In this paper, authors solve overcurrent protection for the airplane with the mass of a few kilograms. The analysis section explains object characteristics, electrical and data flow architecture, discuss possible weaknesses, and shows malfunction consequences of the servomotors. In the research section, authors present experimental results of the tested servomotors and summarize recommendations for the reliability improvements. The solution is based on adding prediction and prevention of the fault abilities to the system, and fault-tolerance–keeping the system operational when hardware or software faults occur [17], supporting the increase of safe operation and life-cycle conditions [18,19].

2. Materials and Methods

The Spartan UAV fixed wing aircraft (Figure 1) was developed for reconnaissance tasks. A unique feature of aircraft is the hand-launch start with the capability of accommodating quite large payload of up to 2 kg. The total mass of this aircraft is up to 14 kg (depending on configuration).

The aircraft propulsion is ensured by two low speed (which ensure minimal noise level) brushless alternating current (AC) electric motors. To perform fully automated operations the aircraft is equipped with a PixHawk type autopilot. The entire electrical system is powered by a 6S (18–25.2 V) 25–50 Ah lithium polymer battery. The aircraft control system is powered by 5 V supply, which is obtained via several voltage converters (BECs). A basic structural diagram of the aircraft power system is shown in Figure 2.

As can be seen from Figure 2, the aircraft is powered from the 6S (18–25.2 V; 24 V nominal) 25–50 Ah lithium polymer battery. The main power consumers in the system are two brushless electric motors, which consume up to 60 A (30 A each) during takeoff and ascent of an aircraft and 8–10 A during the cruise flight. The main aircraft control system (aircraft control servos) is powered by a single 10 A 5 V voltage converter. The autopilot and its systems (telemetry etc.) are powered from the separate 3 A 5 V voltage converter to ensure the power separation from the main 5 V system (since noise produced by power servomechanisms often disturb the normal functioning of the sensitive autopilot systems), therefore functioning of autopilot is fully power separated from the aircraft servomechanism control. The aircraft motors are powered by the dedicated engine speed controllers (ESCs); the function of ESC is to convert the battery provided direct current (DC) to 3 phase AC powering the motor and changing the voltage and frequency of AC to ensure motor RPM control.

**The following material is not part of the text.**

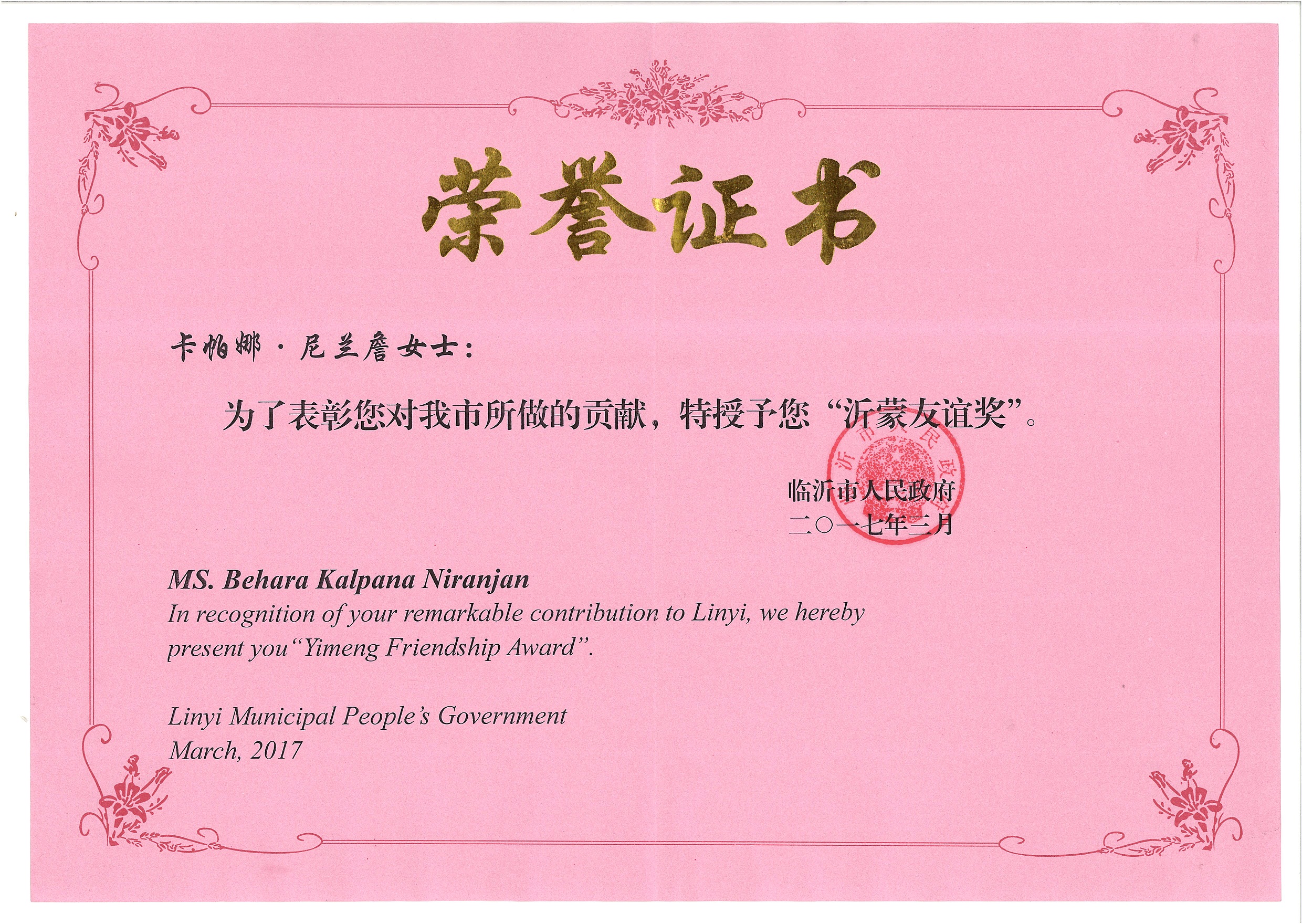 Kalpana“沂蒙友誼獎(jiǎng)”榮譽(yù)證書 公司積極開(kāi)展國(guó)際人才合作,堅(jiān)持人才優(yōu)先發(fā)展戰(zhàn)略,引進(jìn)的外國(guó)專家開(kāi)展技術(shù)指導(dǎo)、成果轉(zhuǎn)化、聯(lián)合研發(fā)等交流與合作。印度專家Kalpana、俄羅斯專家Geroge在公司負(fù)責(zé)技術(shù)創(chuàng)新、成果轉(zhuǎn)化方面的工作,并做出了突出貢獻(xiàn)。 今后,公司將依托國(guó)家中印科技國(guó)際創(chuàng)新園,積極引進(jìn)海內(nèi)外高層次人才,不斷借鑒外國(guó)先進(jìn)科技的發(fā)展模式,進(jìn)行科技創(chuàng)新和平臺(tái)研發(fā)。通過(guò)引進(jìn)的高層人才,不斷增進(jìn)中印、中俄、中烏等國(guó)的人才、技術(shù)交流與合作,為臨沂市信息產(chǎn)業(yè)的發(fā)展做出更大的貢獻(xiàn)。 |

The system shown in Figure 2 is quite basic and very widely implemented for controlling most UAV vehicles. Voltage converters are considered quite reliable and not in need of any backup systems.

As can be seen from Figure 2, all of the servomechanisms in the Spartan aircraft are powered from a single voltage converter. In addition to normal control servos (aileron, elevator, rudder) Spartan aircraft does have the safety feature in the form of a parachute which automatically deploys at a certain preset minimal altitude; the parachute is deployed by the specially dedicated servomechanism which is powered from the same system.

During one of the aircraft test flights (second flight during the same day) on the 7th minute of the automated flight, the aircraft started losing control and descending rapidly. The malfunction was noticed by the operator and the aircraft control was switched to manual which allowed for a regaining of control for a certain time; nonetheless, in less than a minute the aircraft went out of control again, dived and crashed into the ground. Neither automated parachute deployment nor the manual one worked as expected.

After the post-flight analysis of logged data, it was determined that the loss of control was caused by a rapid decrease in the aircraft servo control power circuit. The normal 5 V voltage in the servo circuit dropped down to 2.5–3 V at a certain moment. The graph showing the normal 5 V supply voltage and its drop during the flight is shown in Figure 3.

As can be seen from the graph (Figure 3) the normal 5 V voltage rapidly dropped during the flight and did not regain until the crash. The battery voltage (24 V nominal) and the autopilot voltage (5 V) were normal (therefore the autopilot continued functioning and writing the flight data to its memory). According to further investigation it was determined that the aircraft servos would remain barely controllable (though with much lower torque) at the power voltage of down to 3 V and would totally lose control at the voltage of 2.5 V. Therefore, it was obvious that the aircraft lost control due to the rapid drop of voltage in the servomechanism supply circuit below the allowed minimum. The same reason caused the impossibility of parachute deployment.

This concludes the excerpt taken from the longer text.